> [REQUIRED ACTION]: From top to bottom, write out the listing exactly and skip every picture.

> [DATA EXCERPT]:

********

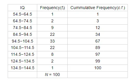 Following is the distribution of I.Q. of 100 students. Find the median I.Q.
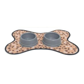 Kit Tapete Comedouro/Bebedouro - Marrom E Cinza
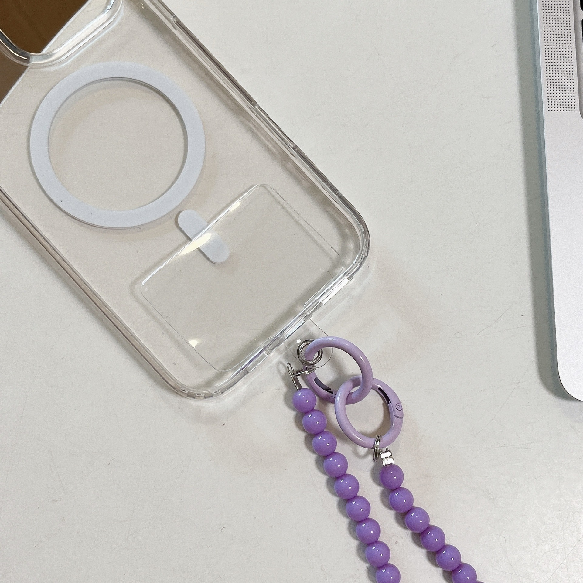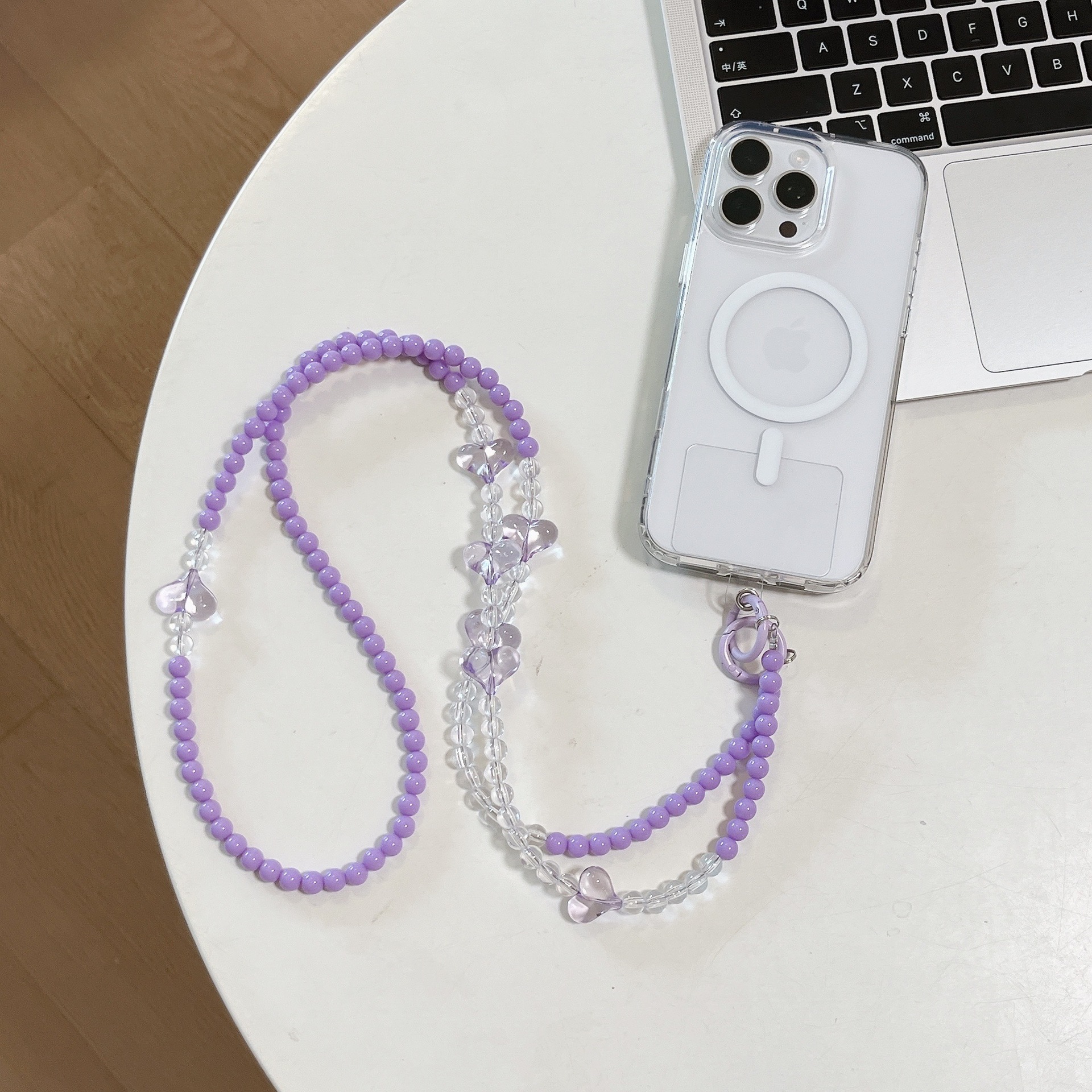 k932 long chain purple beads +6 transparent purple hearts

********

> [SOLUTION BELOW]:
 Following is the distribution of I.Q. of 100 students. Find the median I.Q.
 Kit Tapete Comedouro/Bebedouro - Marrom E Cinza
 k932 long chain purple beads +6 transparent purple hearts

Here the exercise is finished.